Copy exactly the lines from the line holding "手面上可恶的老虎纹身图案" through the end of the material, and no others; pictures stay out.
----- Supplied data
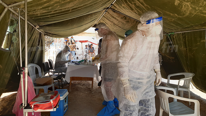 ويشهد المستشفى العسكري الميداني بالحامة تركيز خيمة صحية يشرف عليها طبيب و3 ممرضين يستقبلون المواطنين المشتبه في حملهم لعلامات فيروس كورونا ويتم اجراء تحاليل لفائدة الحالات المشتبه فس اصابتهم بفيروس كورونا بعد استيقاء المعطيات حول وضعياتهم الصحية.
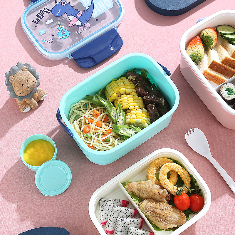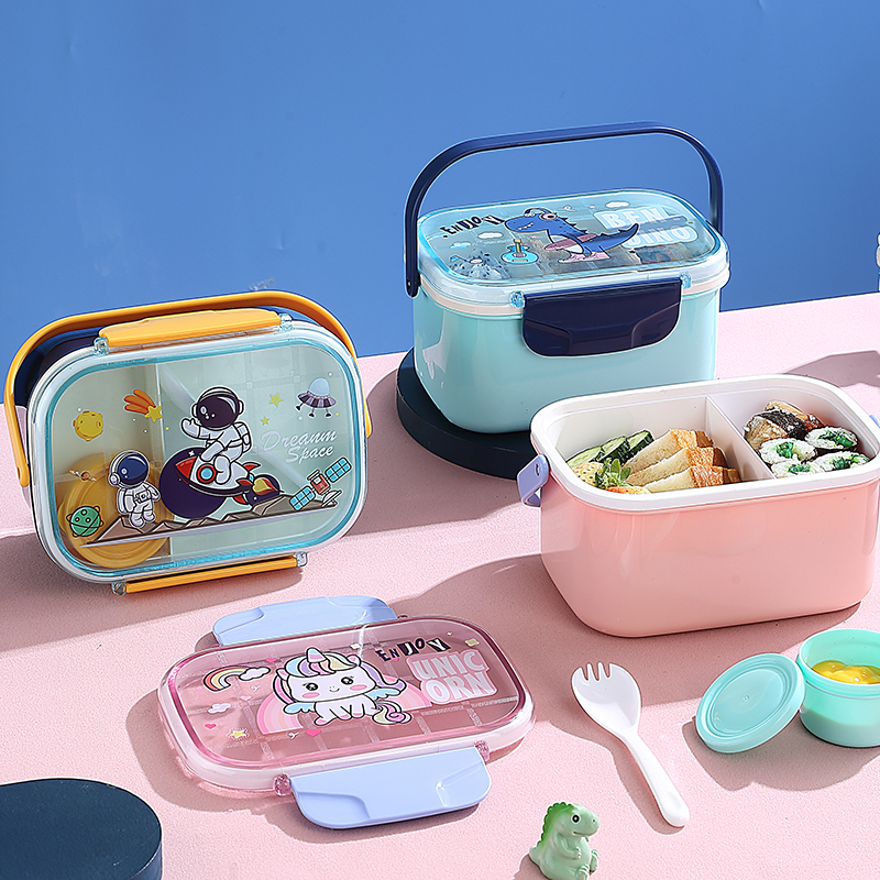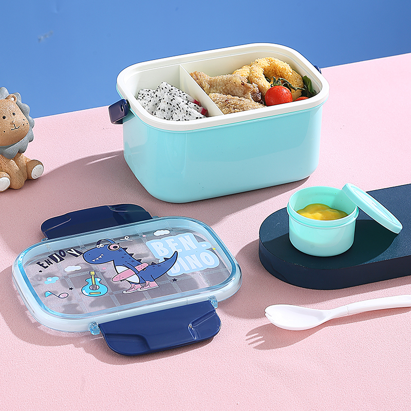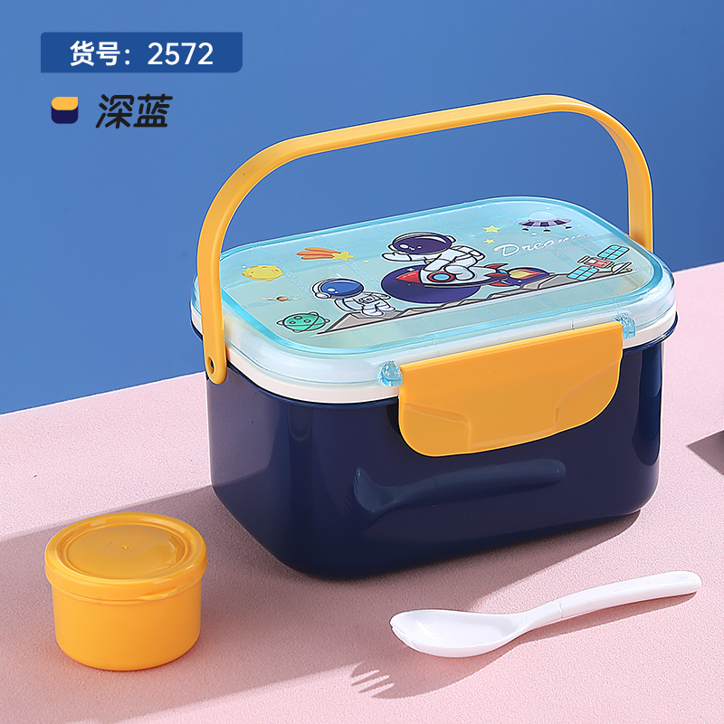 2572-Cute and Fun Sealed Handheld Double layered Meal Box (1600ml+Salad Cup 80ml+PP Spoon)
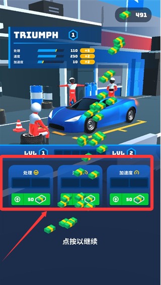 3、完成每局游戏后,可以获得奖励,能够用来给赛车升级。
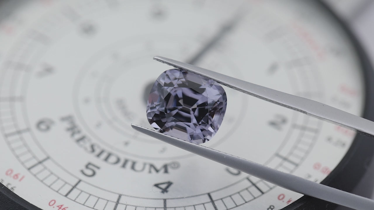 An exceptional grey spinel, cut into a traditional cushion shape.
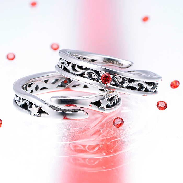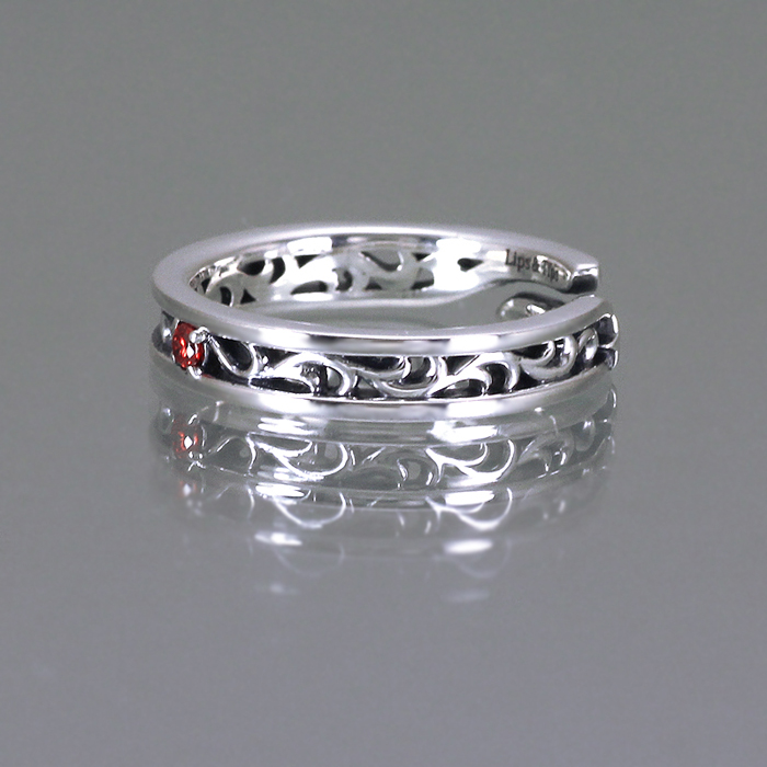 「侑介から貴方への贈り物」をテーマにデザイン。ヤンキー系同級生からの贈り物は、侑介が立ち寄るお店に置いてありそうなアラベスク柄の透かし彫りが硬派&繊細なイメージ。侑介カラーのストーンがイブシ仕上げのシルバーに映える。
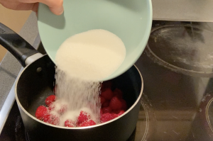 - In a small saucepan, cook the raspberries and sugar over low heat for 5 minutes.
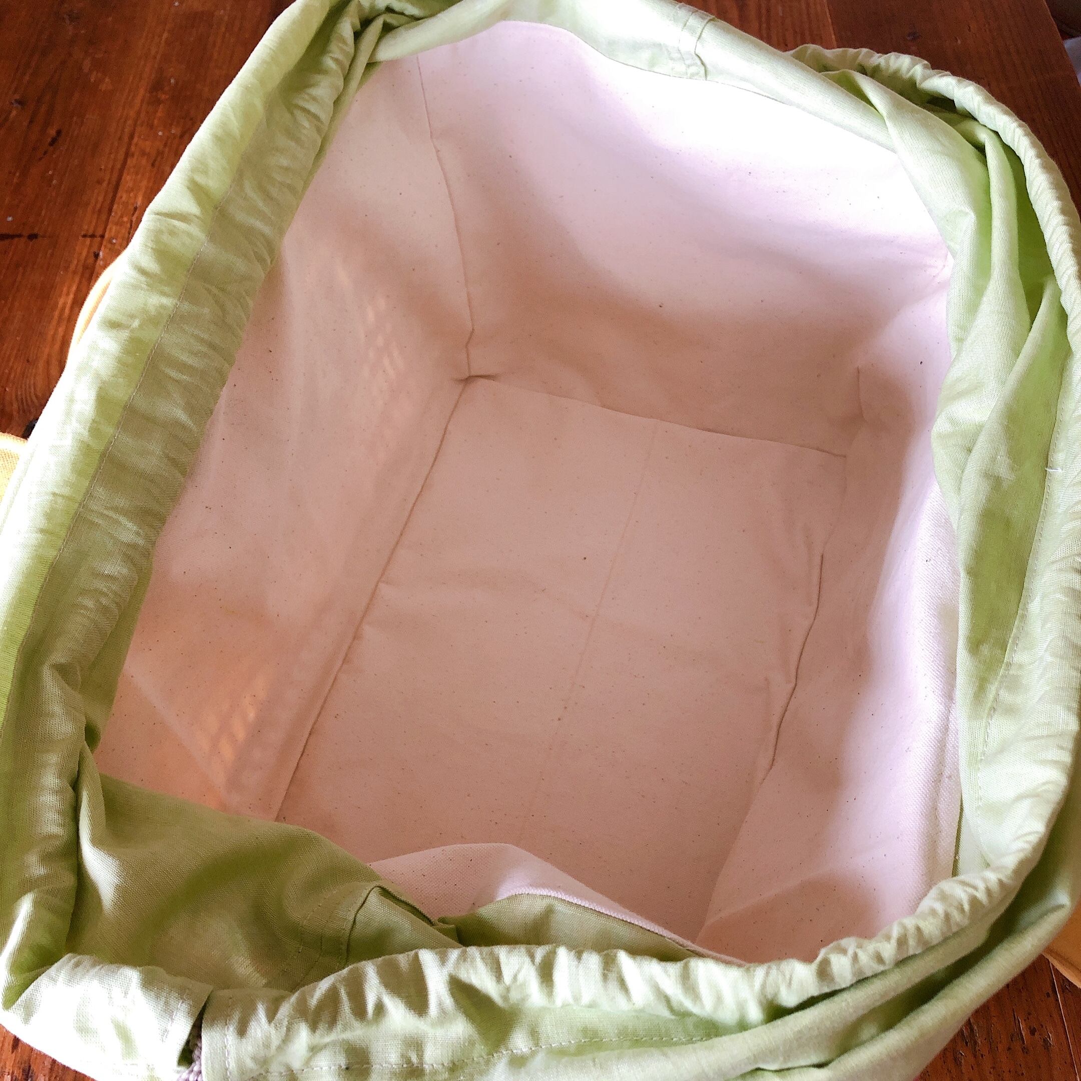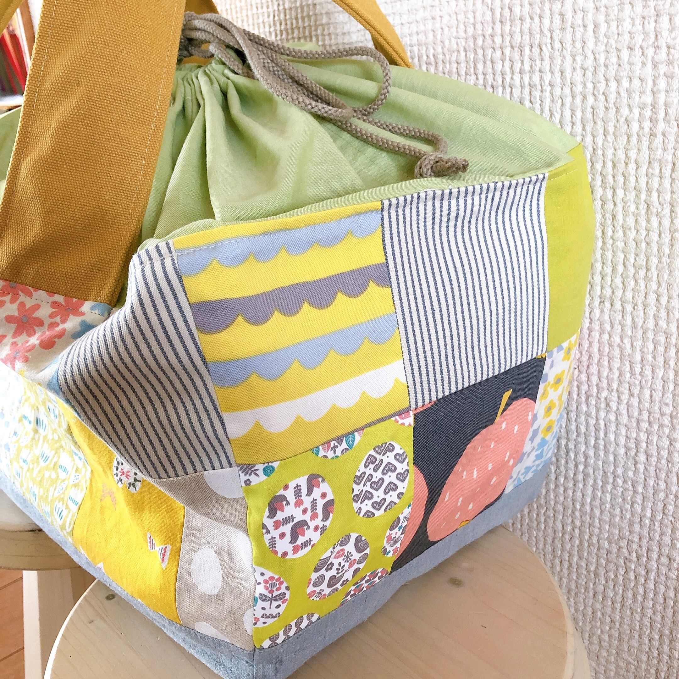レジかごサイズのパッチワークなエコバック(キイロ×リンゴmix)
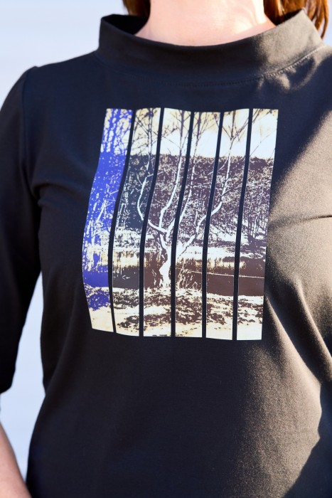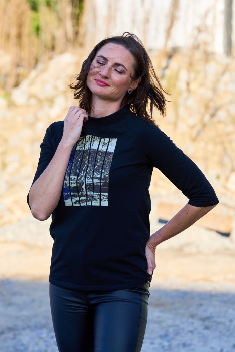 Objevte pohodlí a styl s tímto černým trikem, které kombinuje moderní design s nádechem historie. Vyrobeno z kvalitní bavlny s elastanem, triko lehce pruží a skvěle drží tvar. Elegantní stojáček dodává modelu sofistikovaný vzhled, zatímco volnější střih zajišťuje maximální komfort. Inspiraci pro tento kousek jsme čerpali z více než 100 let staré historické fotografie lesoparku v pražských Hodkovičkách, což mu dodává jedinečný šarm. Ideální pro každodenní nošení, nebo jako stylový doplněk do vašeho šatníku.
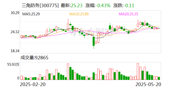 2025年一季度,三角防务实现收入4.03亿元,归母净利润1.29亿元。
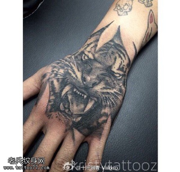 手面上可恶的老虎纹身图案
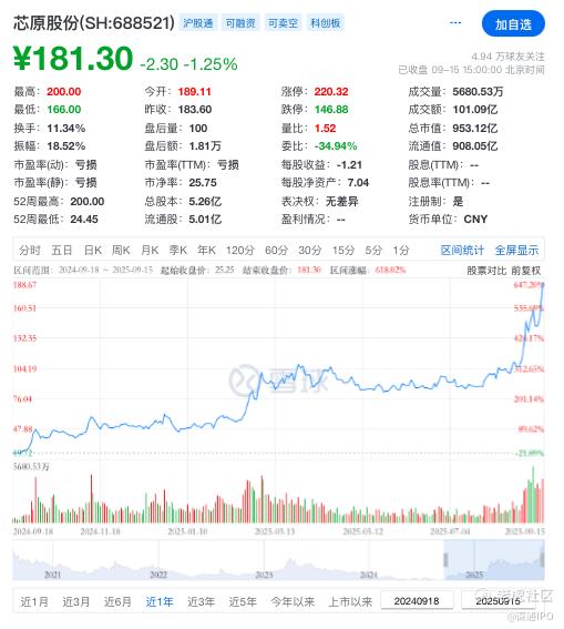 受“并购”芯来科技消息影响,9月12日开盘后,芯原股份持续走高,午间收盘前收获芯20CM涨停,报183.6元,总市值965.21亿元。今日,芯原股份微跌1.25%报收于181.3元,总市值953.12亿元。如果把时间周期设置在近一年来,该公司更是实现了从52周最低24.45元,至52周最高200元,超7倍的暴涨。
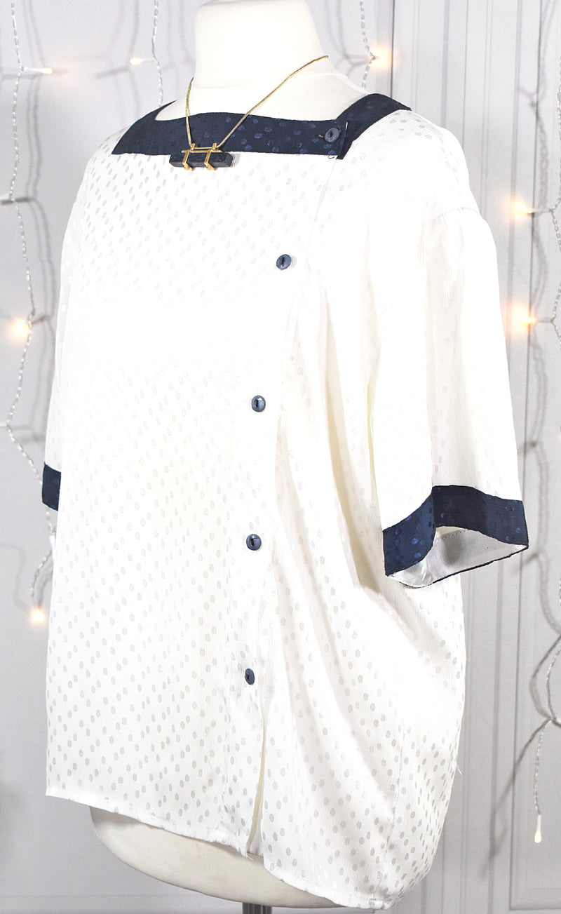 Blouse aux pois damassés blanc & bleu marine
----------
__Result for this task__
 手面上可恶的老虎纹身图案
 受“并购”芯来科技消息影响,9月12日开盘后,芯原股份持续走高,午间收盘前收获芯20CM涨停,报183.6元,总市值965.21亿元。今日,芯原股份微跌1.25%报收于181.3元,总市值953.12亿元。如果把时间周期设置在近一年来,该公司更是实现了从52周最低24.45元,至52周最高200元,超7倍的暴涨。
 Blouse aux pois damassés blanc & bleu marine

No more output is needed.